Stunning pair by the way.


----------



## ellsbells0123

Fantastic


----------



## lymorelynn

'Who? Us?' 
Definitely up to something there  Brilliantly captured photos :thumbup1::thumbup1:


----------



## buffie

Go away :glare: This is cat business :angry:


----------



## marleyboo

theyre planning to take over the world! 

whilst the white one looks sweet and demure and distracts you, the tortie is off with your handbag into your bank account and off to dare i say........

buy some illegail catnip  to distirbute amongst the youth kitties :cornut:


theyre beautiful! great photos made me giggle! xxx


----------



## raggie doll

Now this looks like my schumy and keiko trust me your be begging for them to not team up together. My two are DEVILS and i mean DEVILS that should be in the insane asylum


----------



## Anca

:biggrin: Great pictures, you've got them ha ha, what guilty faces!

Really beautiful cats.


----------



## Paddypaws

Oh some definite naughtiness going on there.....but I don't care, I just want to reach in to the screen and scoop them up to cover them in smoochy kisses, and cuddle them and tickle tums, and oh! those paws need a special kiss.....

ahem, sorry, not sure what came over me then! That's the double effect of Molly _and _ Manny.


----------



## Jenny1966

Thanks everyone 


I found what the problem was!

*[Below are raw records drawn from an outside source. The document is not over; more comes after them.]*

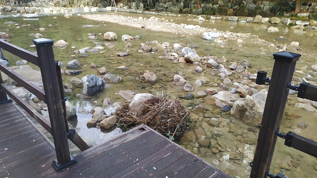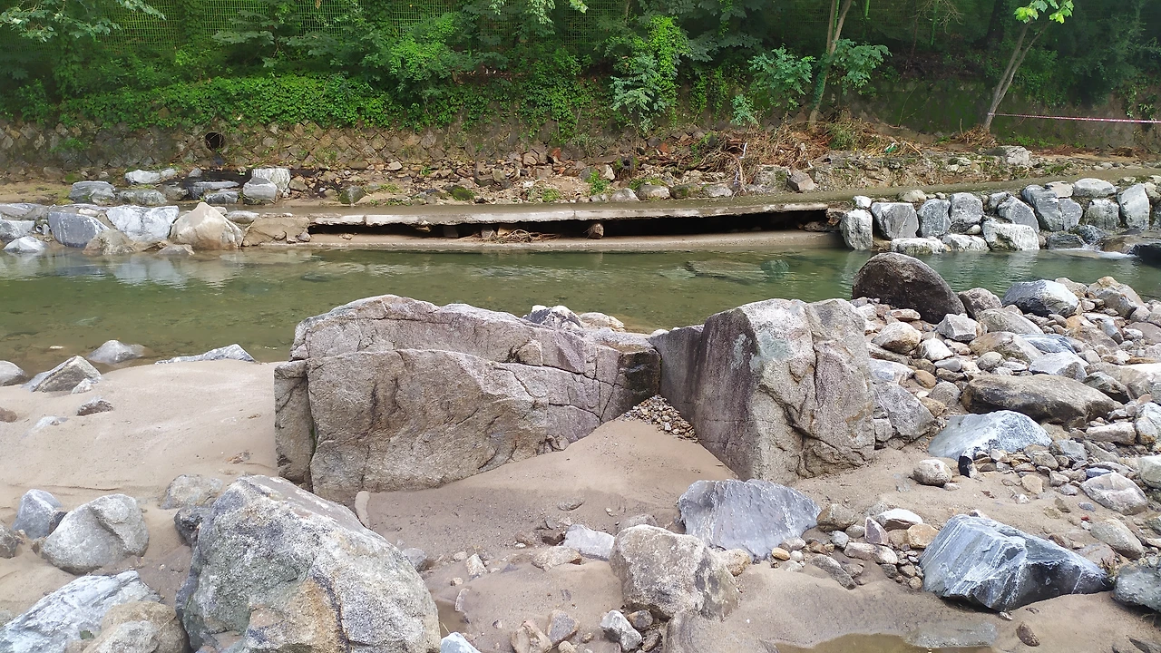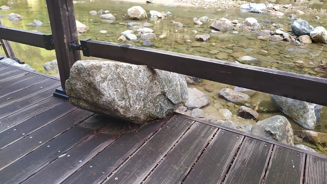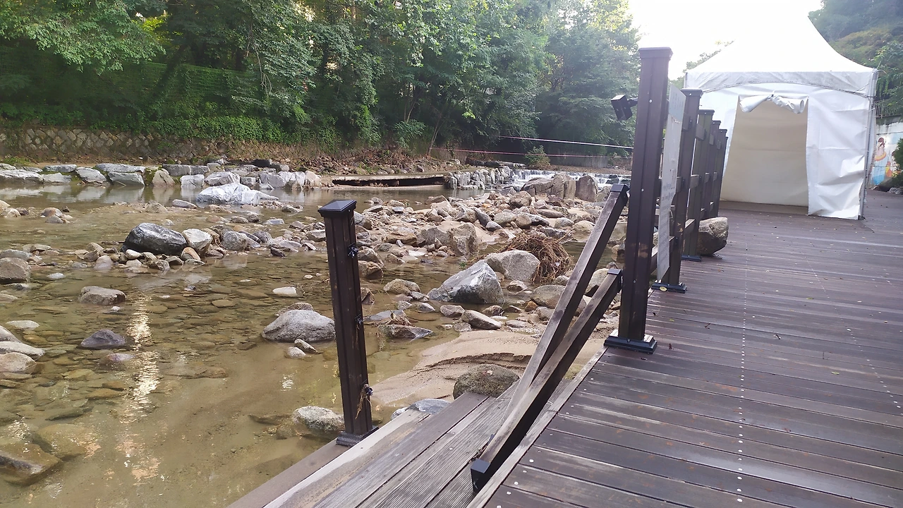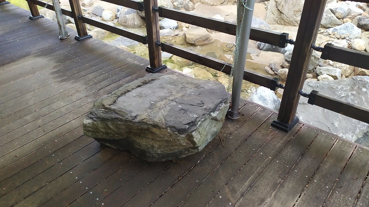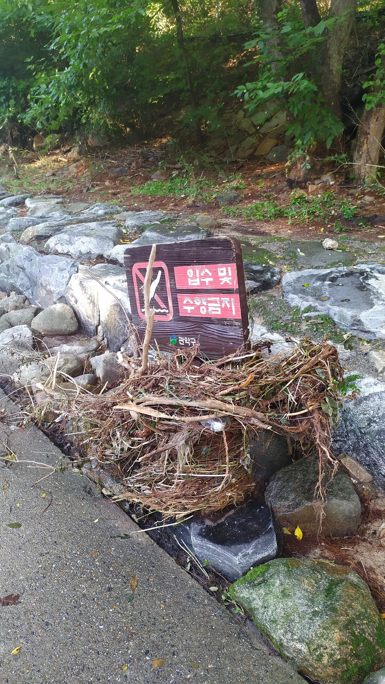 계곡 측면의 데크길에 들어서자 한눈에 보기에도 수량은 많이 줄어들었다. 한창 비가 쏟아질 때는 주변 산책로까지 황톳빛 물살이 삼켜버려 성난 바닷물을 방불케 했다. 물이 빠지자 수마가 할퀴고 간 참상이 여실히 드러났다. 장정 대여섯이 달려들어도 꿈쩍도 안 할 듯한, 육중한 암석 여럿이 제 자리가 아닌 엉뚱한 곳에서 뒹굴고 있는 게 아닌가. 난데없이 길을 떡하니 막아선, 웅크린 모난 바위가 눈에 띈다. 그중 몇몇은 콘크리트와 시멘트로 모서리와 틈을 처발라 땜질한 흔적이 뚜렷함에도, 거센 물살을 버티지 못하고 뿌리째 뽑혀 버렸다. 덕분에 가지런히 정비되었던 계곡 양편을 가로지르는 바윗길은 듬성듬성, 이가 빠지고 주저앉아 초토화되다시피 했다. 계류와 산책로를 가르던 목재 울타리는 사나흘 넘게 흘러 내뻗는, 폭발적인 수세水勢를 견디지 못하고 곳곳이 무너졌다. 그야말로 계곡은 격전을 치른 전쟁터와 다름없었다. 기록적인 폭우가 내린 탓에 견고하던 산과 계곡의 지형은 급격히 바뀌었다. 인간의 힘이 아닌, 자연재해로 지각 변동이 일어난 것이다.
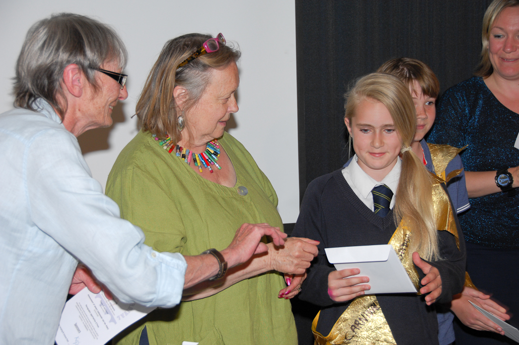 Alice Walkey being presented with her prize by Councillor Ros Lester
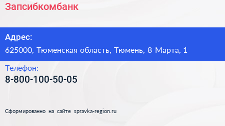 Запсибкомбанк по адресу 625000, Тюменская область, Тюмень, 8 Марта, 1 в дальнейшем Организация, размещена в следующих категориях:
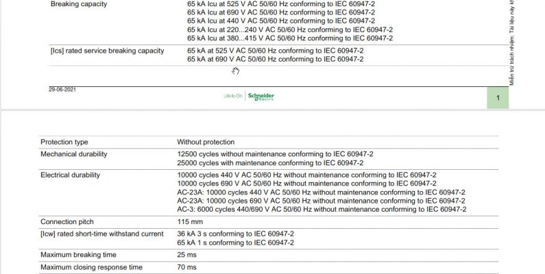 - Tiêu chuẩn: IEC 60947-2, Ics = 100% Icu

Manny had lost his ping pong ball down the side and Molly was trying to get it for him :001_wub: ...... mind you she probably wanted to steal it from him :lol:


----------



## Dally Banjo

:001_unsure: Be afraid, be very afraid :lol:


----------



## raggs

Super pics Jenny, and be carefull, those two def have a plan lol.....best wishes.......Chris


----------



## Anca

raggs said:


> Super pics Jenny, and be carefull, those two def have a plan lol.....best wishes.......Chris


They always do, don't they?


----------



## ukdave

awwwwwww beautiful they look like they're trying to open the cupboard. )))


----------